### TASK PROMPT
Your answer should be the lines below from the one holding "Dramaattinen juliste kahdesta" through the one holding "干洗店一次性铁丝衣架喷塑钢丝2.2加粗蓝色白色出口外贸衣架包塑", copied exactly and with nothing else.

### DATA TO EXAMINE

──────────

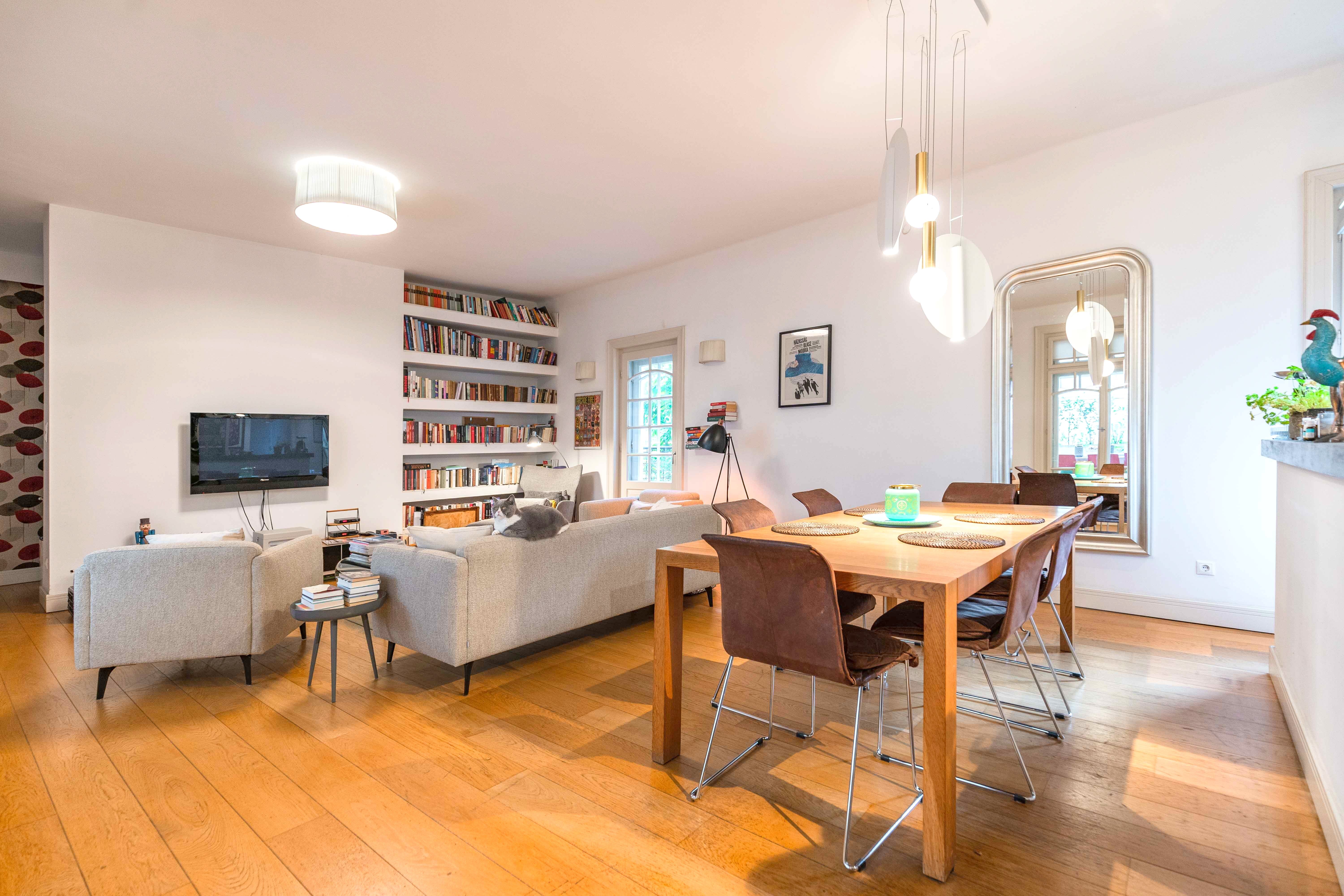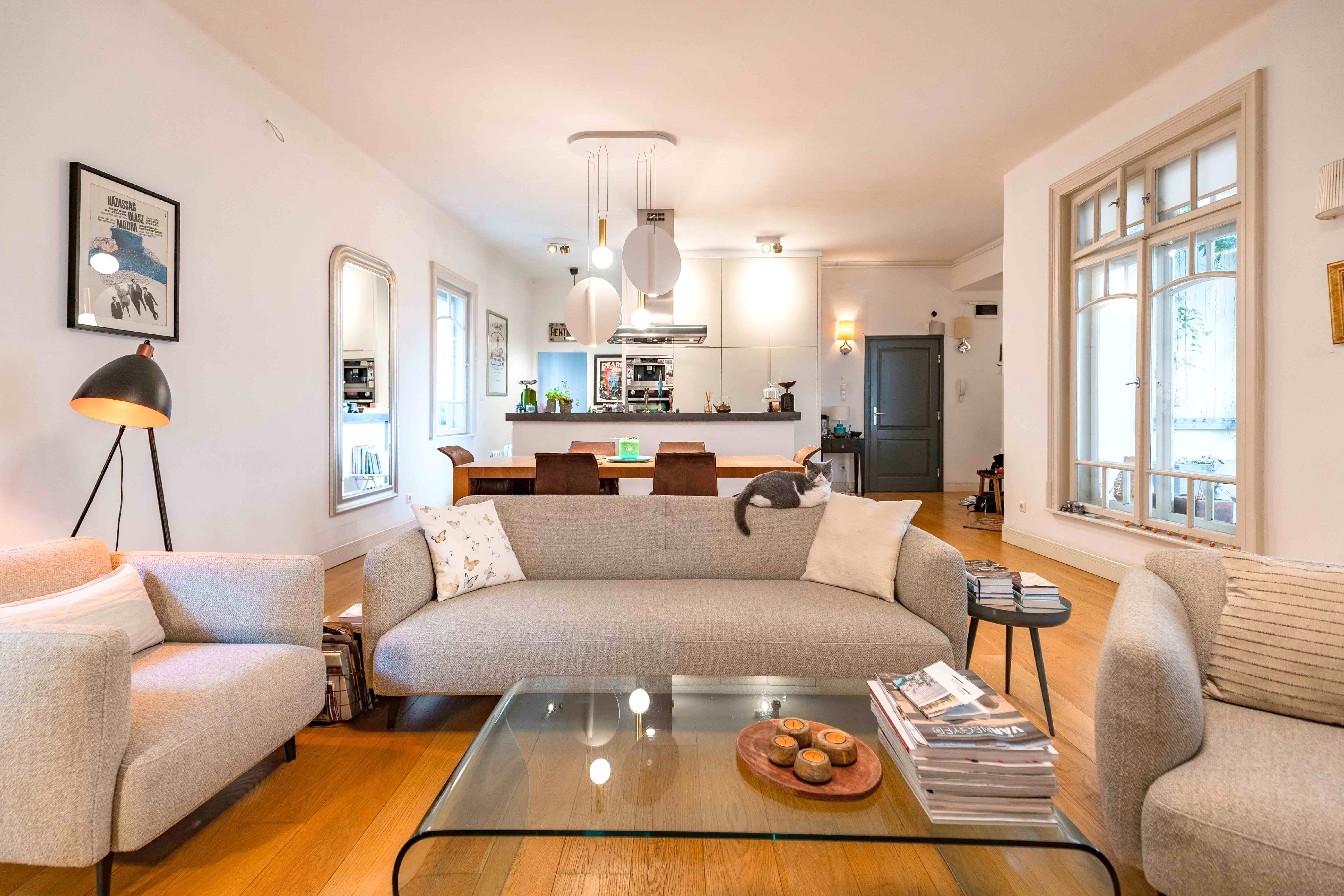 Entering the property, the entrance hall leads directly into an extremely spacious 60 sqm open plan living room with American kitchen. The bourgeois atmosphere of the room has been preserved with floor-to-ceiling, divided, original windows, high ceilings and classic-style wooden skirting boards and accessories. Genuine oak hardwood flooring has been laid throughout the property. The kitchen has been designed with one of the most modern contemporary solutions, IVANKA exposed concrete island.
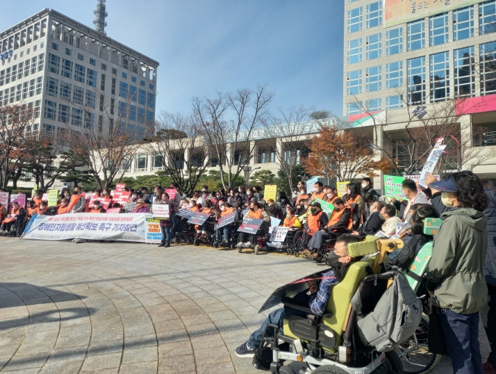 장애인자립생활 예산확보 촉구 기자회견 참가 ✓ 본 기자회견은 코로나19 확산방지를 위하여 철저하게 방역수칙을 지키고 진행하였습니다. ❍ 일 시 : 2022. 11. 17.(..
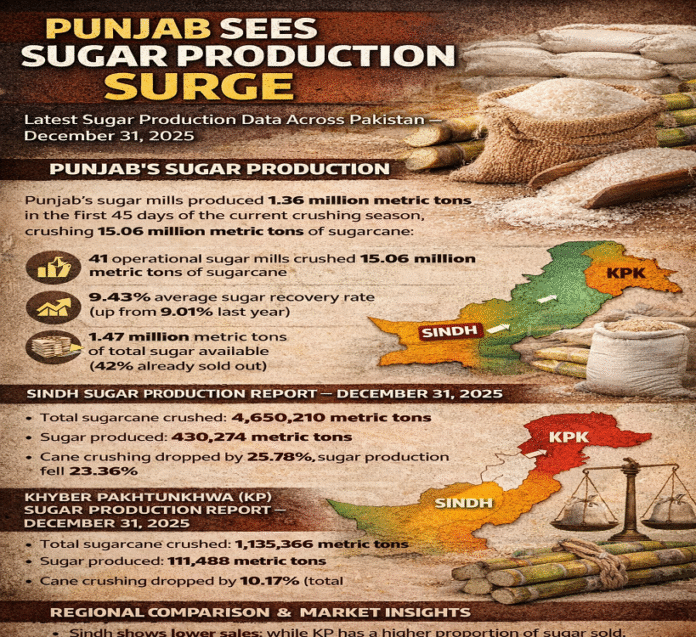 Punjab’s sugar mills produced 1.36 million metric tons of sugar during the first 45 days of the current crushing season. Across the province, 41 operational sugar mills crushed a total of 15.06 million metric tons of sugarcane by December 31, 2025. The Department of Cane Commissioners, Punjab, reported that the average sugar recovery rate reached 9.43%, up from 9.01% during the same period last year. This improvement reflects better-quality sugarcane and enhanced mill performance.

──────────

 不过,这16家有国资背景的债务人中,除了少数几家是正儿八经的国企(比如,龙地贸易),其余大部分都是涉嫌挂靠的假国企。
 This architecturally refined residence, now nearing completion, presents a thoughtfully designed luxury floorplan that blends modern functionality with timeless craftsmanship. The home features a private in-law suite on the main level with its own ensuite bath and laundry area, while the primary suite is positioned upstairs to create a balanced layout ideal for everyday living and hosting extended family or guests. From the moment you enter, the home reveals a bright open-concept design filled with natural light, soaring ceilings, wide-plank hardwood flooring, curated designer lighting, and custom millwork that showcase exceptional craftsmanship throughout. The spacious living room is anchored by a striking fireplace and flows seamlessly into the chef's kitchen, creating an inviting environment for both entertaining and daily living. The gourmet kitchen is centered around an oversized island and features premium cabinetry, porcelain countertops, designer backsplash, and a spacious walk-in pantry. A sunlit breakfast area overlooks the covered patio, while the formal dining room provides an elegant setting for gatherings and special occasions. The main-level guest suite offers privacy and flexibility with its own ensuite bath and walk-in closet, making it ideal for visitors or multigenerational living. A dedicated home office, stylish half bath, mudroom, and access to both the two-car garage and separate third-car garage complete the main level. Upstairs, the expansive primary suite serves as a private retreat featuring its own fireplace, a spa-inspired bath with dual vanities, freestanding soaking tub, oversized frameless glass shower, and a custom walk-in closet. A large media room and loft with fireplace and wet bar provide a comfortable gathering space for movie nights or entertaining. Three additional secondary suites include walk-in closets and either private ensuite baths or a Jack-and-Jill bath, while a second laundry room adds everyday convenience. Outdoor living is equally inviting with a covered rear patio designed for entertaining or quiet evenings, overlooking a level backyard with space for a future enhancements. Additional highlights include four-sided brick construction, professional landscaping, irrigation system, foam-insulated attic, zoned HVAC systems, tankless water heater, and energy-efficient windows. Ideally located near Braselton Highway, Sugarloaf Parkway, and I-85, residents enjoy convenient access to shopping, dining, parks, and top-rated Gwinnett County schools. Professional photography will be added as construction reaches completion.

──────────

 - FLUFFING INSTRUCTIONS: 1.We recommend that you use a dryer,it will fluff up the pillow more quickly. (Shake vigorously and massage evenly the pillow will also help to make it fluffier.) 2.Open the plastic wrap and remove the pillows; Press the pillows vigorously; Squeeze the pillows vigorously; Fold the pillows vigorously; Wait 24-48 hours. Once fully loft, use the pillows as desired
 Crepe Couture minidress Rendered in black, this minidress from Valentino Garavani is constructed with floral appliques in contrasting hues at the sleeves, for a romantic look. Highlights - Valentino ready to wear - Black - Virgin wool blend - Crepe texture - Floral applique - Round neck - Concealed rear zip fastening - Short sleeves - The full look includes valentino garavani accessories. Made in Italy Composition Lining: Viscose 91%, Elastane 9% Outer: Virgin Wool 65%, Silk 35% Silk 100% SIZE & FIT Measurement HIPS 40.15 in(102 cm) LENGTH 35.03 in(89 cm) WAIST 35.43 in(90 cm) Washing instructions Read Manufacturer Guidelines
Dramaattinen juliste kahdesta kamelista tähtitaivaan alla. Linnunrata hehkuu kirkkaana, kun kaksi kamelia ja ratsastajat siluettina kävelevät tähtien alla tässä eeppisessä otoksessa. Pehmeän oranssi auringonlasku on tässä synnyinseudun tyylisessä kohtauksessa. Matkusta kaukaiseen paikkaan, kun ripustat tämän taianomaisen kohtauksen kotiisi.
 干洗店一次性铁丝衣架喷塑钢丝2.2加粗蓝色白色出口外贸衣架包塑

──────────

### WRITTEN REPLY
Dramaattinen juliste kahdesta kamelista tähtitaivaan alla. Linnunrata hehkuu kirkkaana, kun kaksi kamelia ja ratsastajat siluettina kävelevät tähtien alla tässä eeppisessä otoksessa. Pehmeän oranssi auringonlasku on tässä synnyinseudun tyylisessä kohtauksessa. Matkusta kaukaiseen paikkaan, kun ripustat tämän taianomaisen kohtauksen kotiisi.
 干洗店一次性铁丝衣架喷塑钢丝2.2加粗蓝色白色出口外贸衣架包塑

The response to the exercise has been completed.